Rogers is a firm believer that conquering Comrades is all about overcoming a psychological barrier and once that has been dealt with, it becomes a magical experience and journey.

“For many runners, just the thought of taking on nearly 90 km destroys them, long before race day arrives,” he said. “They get so caught up in hearing everyone else’s war stories on what could go wrong, the excruciating pain and all the negative talk, they do more harm than good in their preparation, trying to cover so many bases and arriving at the start nothing short of being a nervous wreck.

“They need to prepare adequately, listen to their bodies and do what is comfortable for them.”

As a veteran of 45 finishes, Rogers has a point. He has three gold medals to his name, earned at the height of his powers in 1974 (7th), 1975 (6th) and 1976 (3rd). In those days, there was no state-of-the-art technology or too many so-called proven scientific facts to hamper his mindset as race day approached.

“It was just pure hard work to progress from an average finisher to a front runner. Every opportunity to run and log extra miles was taken and I sometimes ran twice a day, either to or from work, with a time trial thrown in,” he said.

“It was all about endurance and with a bunch of fellow runners, we would put in up to 800 to 900 kilometres a month over four to five months, getting used to distance and building up to a comfortable pace which the body got used to.

“Then, come Comrades race day, we were in good shape to tackle what lay ahead. It was nothing new to us or our bodies.”

There was no special energy drink either for Rogers and he survived on Sprite or Coke and water with a touch of salt thrown in. “We survived on what we knew worked for us. At times, people were horrified at how little we drank on the run, but it worked for me.”

With so much running under his belt, it’s natural for Rogers’s body to lodge a complaint somewhere along the line and in 2003, he took note of a dodgy hip.

“I saw a top-class bloke who did a hip resurfacing procedure for me as opposed to a hip replacement. It was like going from a mini to a Rolls Royce and I have knocked up seven Comrades and about 40 000 km with no hassle,” he said.

Asked whether he preferred the up or down run, Rogers gave an answer that made perfect sense. “When you are strong and have done the right training, the up run is easier and better. But, like me, when you become an old jalopy, it becomes far easier to go downhill,” he said.

Having run with and witnessed some of the Comrades greats through the years, Rogers is adamant who he considers his best of the lot.

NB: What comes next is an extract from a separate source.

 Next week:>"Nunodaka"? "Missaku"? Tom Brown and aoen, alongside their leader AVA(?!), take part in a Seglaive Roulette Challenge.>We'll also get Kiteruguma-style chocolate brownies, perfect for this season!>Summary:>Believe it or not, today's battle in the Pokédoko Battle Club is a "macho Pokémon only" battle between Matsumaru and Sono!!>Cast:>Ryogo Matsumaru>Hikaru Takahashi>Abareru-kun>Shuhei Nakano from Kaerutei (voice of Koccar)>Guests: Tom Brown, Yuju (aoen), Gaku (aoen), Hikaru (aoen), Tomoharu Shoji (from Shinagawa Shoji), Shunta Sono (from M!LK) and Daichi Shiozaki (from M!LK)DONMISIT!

“For me, it remains Derek Preiss, winner in 1974/75 and still the only runner to win Comrades and Two Oceans in the same year,” he said. “He was phenomenal. He was young (21 when he won in 1974), strong and had legs like pistons. Physically he was awesome but mentally, he had big match temperament while running but could not handle the pressure out of running.

“It was a pity as he no doubt could have won more Comrades and been a true great, but what he did achieve will live with me forever.”

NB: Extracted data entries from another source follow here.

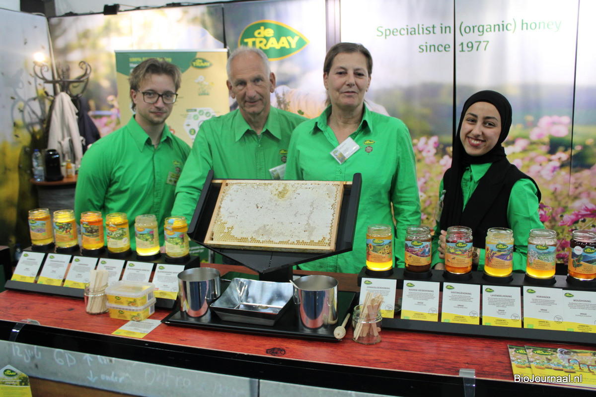 Micayon van Dooremaalen, Eric van Gool, Joyce Weerman en Mariam El Minawi van De Traay laten je proeven van hun brede assortiment biohoning en honingraat.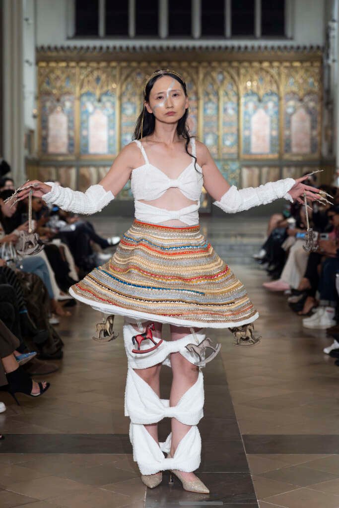 Environmental storytelling took centre stage with Satomi, el beso. Inspired by Japanese folklore and marine conservation, Satomi Takakura’s Dragon Palace of the Indian Ocean felt ethereal and urgent at the same time. The collection gently reminded the audience of the fragile relationship between humanity and the natural world, proving that fashion can be both poetic and political.
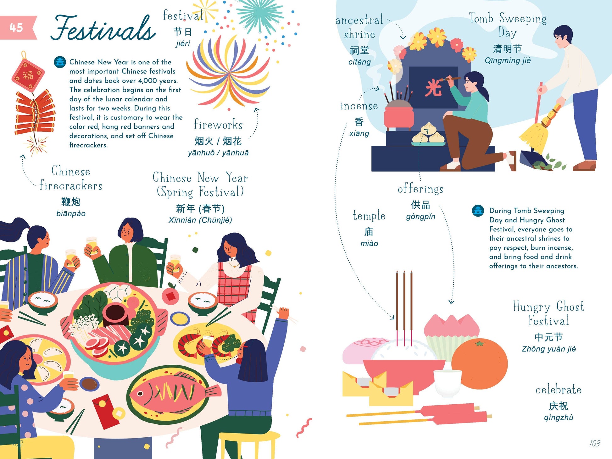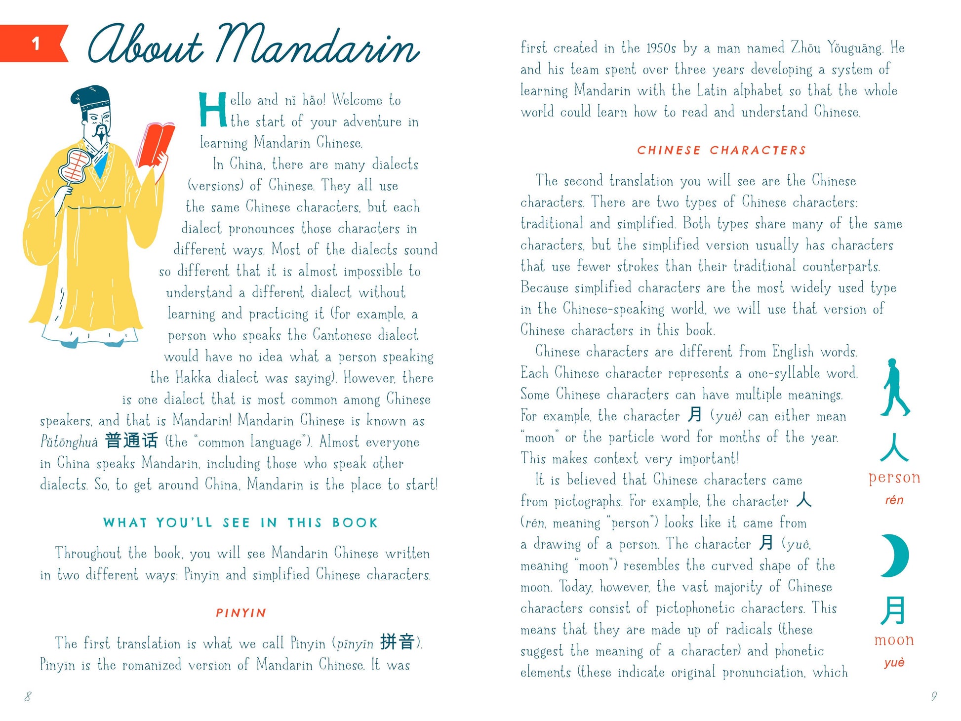 Introduce your child (or yourself!) to the incredible language of Mandarin! Featuring over 800 first words with bright, bold illustrations, My First Book of Mandarin provides each word in English and simplified Chinese characters, with a romanization that makes pronunciation a breeze. Readers will also find cultural tips, sample sentences, and simple hints on usage and word choice. An index in the back includes a complete list of all words in the book with handy page references. With a special emphasis on the culture and customs you'll find in China itself, My First Book of Mandarin is divided into sections including People, Personal Pronouns, Courtesy, Geography, Family, Transportation, Science, Sports, Holidays and Festivals, Meals, and more.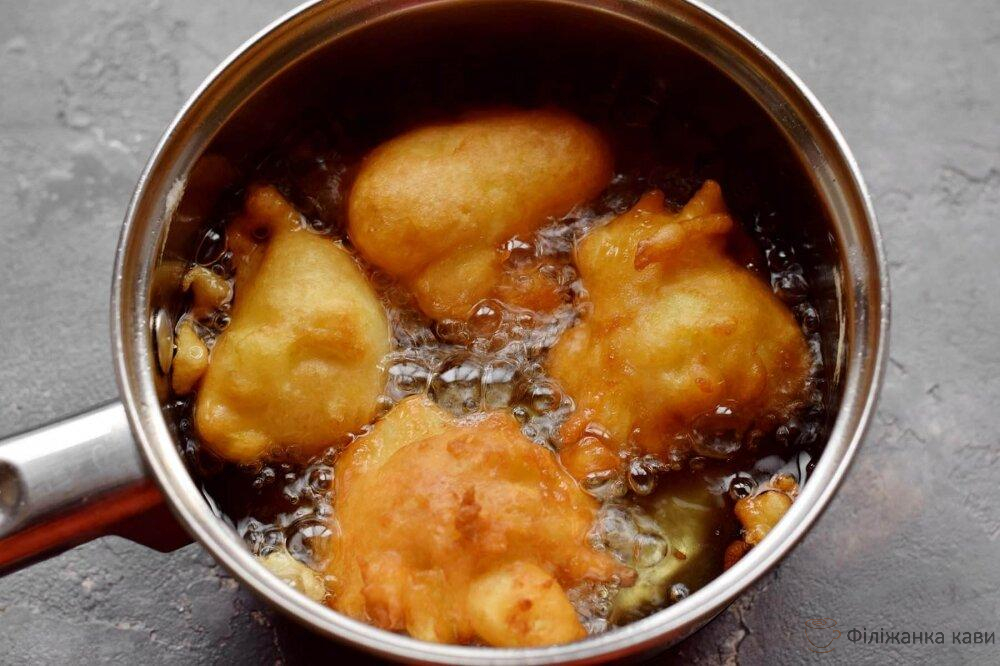 - У сотейник влийте велику кількість олії, нагрійтеїї до гарячого стану. Столовою ложкою набирайте невелику порцію суміші і відпустіть її в олію. Смажте пончики на середньому вогні приблизно 2 хвилини, перевертаючи їх в різні боки для рівномірного просмаження.

Rogers recounted an incident that indicates how good Preiss really was. “We trained a lot together and we had done a 65 km run one Saturday morning and I was finished. No sooner had I arrived home when Derek phones and says we have a cross country commitment that afternoon,” said Rogers.

“Off I go, the last thing I want as I am still sore and tender, to do the 12 km. Lo and behold, I am in about seventh place when Derek pops up on the sideline to cheer me on to score points for our club, Westville. He had won the race and said he felt a little tired but okay.”

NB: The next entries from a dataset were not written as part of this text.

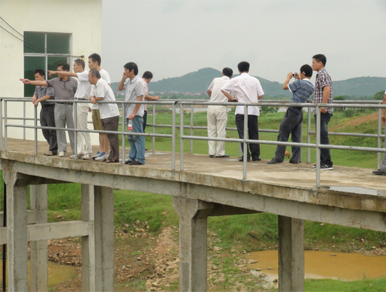 驗(yàn)收工作組成員查看鎮(zhèn)3標(biāo)寺山電排站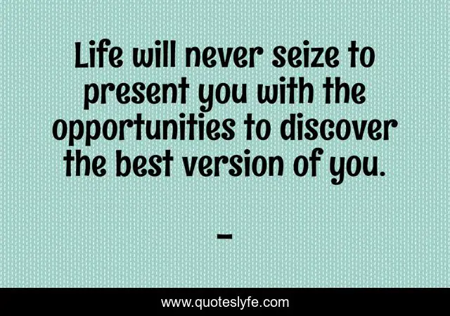 This page presents the quote "Life will never seize to present you with the opportunities to discover the best version of you.". Author of this quote is . This quote is about create-the-best-version-of-you, discover-a-better-you, a-better-you, edmond-mbiaka, oppportunity,.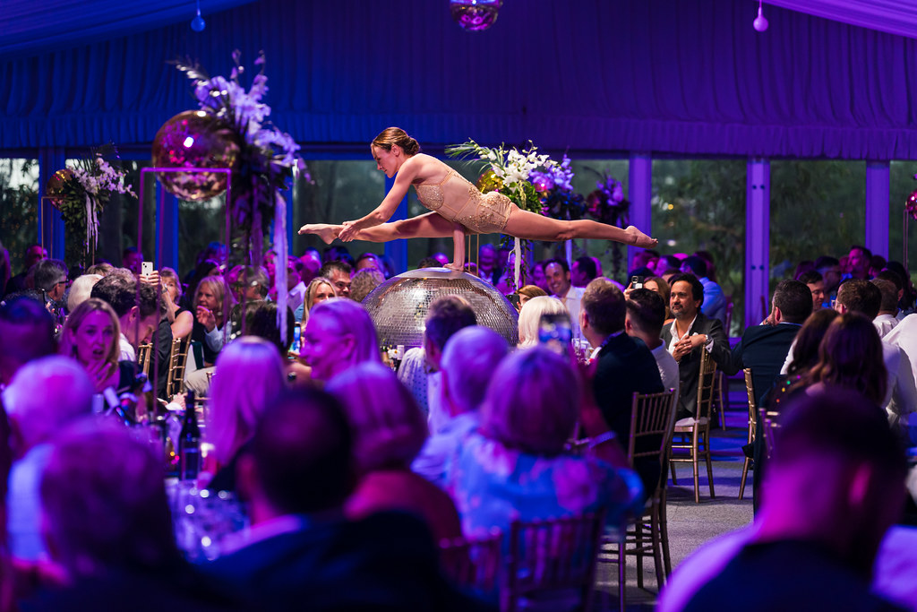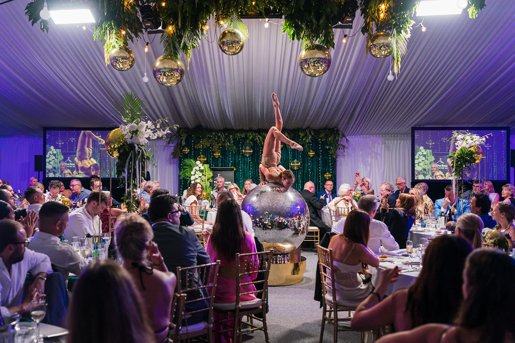 From glittering mirror balls to colour-drenched lighting, every styling decision was made to support the disco theme. We created zones throughout the venue, each styled with intent, so the space felt cohesive yet dynamic. One of the most powerful features was our hanging disco ball installation, which created a canopy of sparkle overhead. Not to mention, the luxe table styling featured layered textures, glowing votives, and mirrored accents. All of these choices reflected our tailored approach to disco-themed corporate event styling, where mood, materials, and motion all work together.

Manie Kuhn, winner in 1967 and Dave Bagshaw, three-time winner (1969-71) also get the nod from Rogers who points out that in that era, there was no professionalism, with runners holding down a job and finding their own time to train.

“It’s been a tremendous ride with some way to go still. My wife Wendy has been with me through all my Comrades runs and so has my family in latter years, and for the moment, I can remember how many years we have been married as that is how many Comrades medals I hope to have by Sunday night — 46,” said Rogers.